Não é fácil definir Hank como sendo um polícia bom, ou um polícia mau. Reparem que o nome escolhido para o filme não foi A lot of Evil mas, antes, a touch – um toque. A beleza do filme e, mais especificamente, do enredo, inspirado na obra de Whit Masterson (Badge of Evil), reside na complexidade destas personagens que, curiosamente, estando inseridas num filme Noir, apresentam elas diversos graus de cinza, no que à sua moralidade e acção dizem respeito.
“Ele (Quinlan) foi um homem fora do comum.
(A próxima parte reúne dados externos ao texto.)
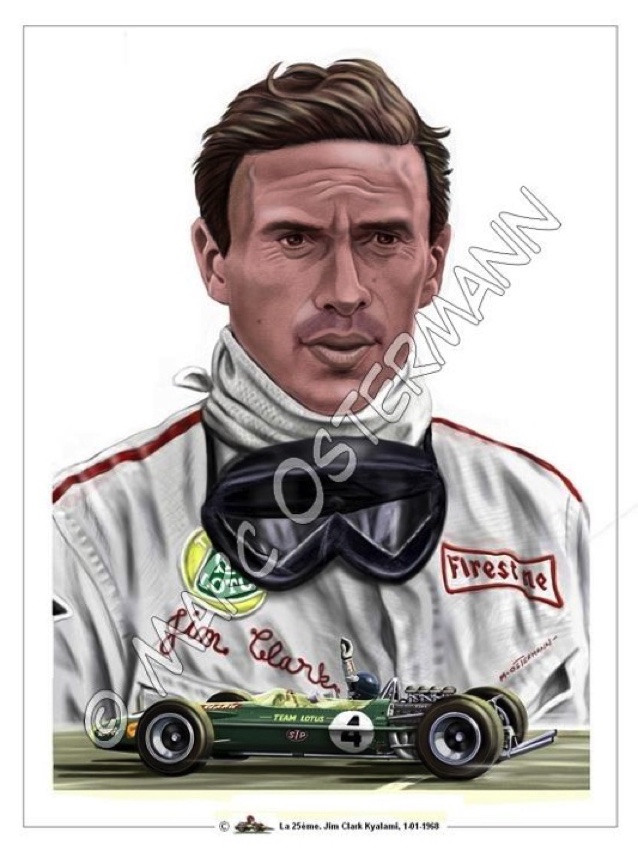 Jim Clark a inspiré plusieurs artistes dont Marc Ostermann du site “Pilotes de Légendes”, spécialiste en caricatures extraordinaires de grands pilotes présents ou disparus.

O que interessa o que se diz das pessoas?” (Tanya in Touch of Evil)
Touch of Evil é, sem margem para dúvidas, uma das melhores obras de Orson Welles e um dos melhores filmes da era clássica do cinema. Merece ser visto e revisto não só pela profundidade do enredo e pela complexidade das personagens, mas também pela audácia da realização característica do cineasta americano. Fica, marcadamente, a sensação de que Orson usa a tela toda, como poucos naquela época, para mostrar detalhes que não podiam passar, e não passam, despercebidos no filme. As interpretações são fantásticas, principalmente as de Orson Welles (Hank Quinlan) e Charlton Heston (Mike Vargas), embora, claramente, não se consiga ficar indiferente ao charme de Janet Leigh (Susan Vargas) no papel de esposa de Mike.
Fora dos cinemas esta foi, na verdade, também ela uma obra que gerou tensão numa espécie de fronteira, desta vez, entre realizador e produtora. Após a conclusão das gravações e em época de edição e pós-produção da película, Orson foi, numa espécie também de “toque de maldade”, despedido por discordâncias com a produtora e, por esse motivo, foi distribuída uma versão do filme reeditada. Após visualizar a cópia adulterada do seu próprio filme, o realizador americano publicou uma carta aberta em que apontou e justificou um conjunto de alterações, as quais, na época, nunca foram ouvidas.
Foram necessários mais de quarenta anos para termos uma versão remasterizada, com mais quinze minutos de filme e, acreditamos nós, mais próxima do que Welles idealizara. Nunca o termo remasterização fez para mim tanto sentido, pois esta sim foi uma verdadeira tentativa de colocar em Touch of Evil, com um pequeno toque, a mestria novamente no seu lugar.
“Touch of Evil – A Sede do Mal” estreou em Portugal a 7 de Novembro de 1958 e encontra-se disponível em DVD.